Peel Hunt Metals & Mining 02nd March 20203 Mar 2020 15:56
(REF: Mr Tibbles - CEY BB)
Peel Hunt Metals & Mining 02nd March 2020
Yields support gold amid a viral storm
Recent expectations of further interest rate cuts supporting the gold price have been driven by evidence that COVID-19 is on
the verge of being a pandemic. We now forecast gold atpEE US$1,700/oz in 2020 and expect support to persist, with upside
potential should the outbreak worsen and drive real interest rates further into negative territory. Pan African# and Serabi# look to offer the best upside in these scenarios, while Centamin looks close to fair value even in this higher gold price environment.
Increasing our gold price forecast to US$1,700/oz in 2020
Just six months back in August we revised up our gold price deck as spot gold crossed US$1,500/oz and looked well supported. However, with gold having come close to the US$1,700/oz mark last week (vs our US$1,525/oz forecast for
H1 2020), we have increased our 2020 gold price forecast to US$1,700/oz to give investors a better feel for the cash flows we now expect in 2020.

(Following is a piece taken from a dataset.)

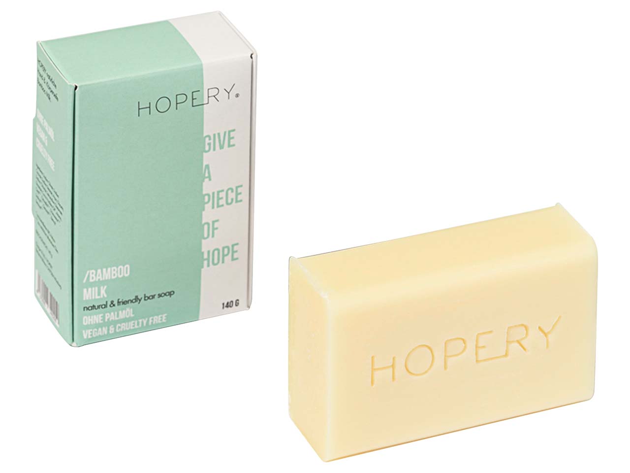 Die Produkte von HOPERY entstehen in traditioneller, liebevoller Handarbeit in Würzburg. Die 100 % veganen Rezepturen stammen aus über 30 Jahren Familientradition. Es werden ausschließlich naturreine Pflanzenstoffe wie Pflanzenextrakte, pflanzliche Öle und Wachse sowie ätherische Öle verwendet. Parabene, Silikone, synthetische Duft- und Farbstoffe, Paraffine, Mikroplastik oder Inhaltsstoffe aus der Erdölindustrie kommen nicht zum Einsatz. In der Herstellung wird auch bewusst auf Palmöl verzichtet. Das Öl wird aus Ölpalmen gewonnen, die nur in ständig feuchtem Regenwaldklima gedeihen. Die Palmen werden auf riesigen Plantagen angebaut, für die Regenwälder abgeholzt werden. Das hat negative Folgen für das Klima, denn Regenwälder binden CO2. Zudem nimmt die Abholzung des Regenwalds Lebewesen wie Orang-Utans ihren Lebensraum weg.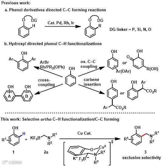 在以往的研究当中,对于酚类化合物选择性官能化的策略,大多是将酚羟基转化成为碳氢键活化的导向基团,从而达到邻位选择性衍生化的目的(图1a)。另一方面,直接使用自由的酚羟基作为导向基团来合成高取代酚类衍生物,则是一种最直接地实现化学反应原子经济性的策略。但是,在这方面的研究当中,反应对酚类底物的选择性一直是困扰着合成化学家们的难题(图1b),目前只有几例报道。

Elevated gold price justified by negative yields and growth concerns
With continued gold ETF purchases into 2020 driven by falling yields and further growth concerns, we now see continued support for the gold price through mid-2020. Our US$1,700/oz gold forecast for this year is driven by our
belief of two Fed cuts and 1.4% inflation. The economic consensus of no cuts and 2% inflation would support gold over the US$1,600/oz level.
EBITDA upgrades drive elevated cash flows through mid-2020
We expect to see a round of estimate upgrades as strong gold prices drive increased cash flows through H2 2020. We forecast average 2020 EBITDA upgrades of 28%, with an average margin of 49% by H2 2020 (ex-POG). This
drives even stronger bottom-line 2020 EPS upgrades, which average 49%.
Target prices up 20% on average, PAF and SRB offer the greatest upside
We have today lowered our rating on POG to Add from Buy, but maintain our ratings on all the other stocks. Our average target price increase is 20% over the coming 12 months. While POG has the greatest upside value leverage to gold,
HOC has the lowest due to its silver exposure. SRB and PAF have the greatest upside to the new target prices at 70% and 57% respectively.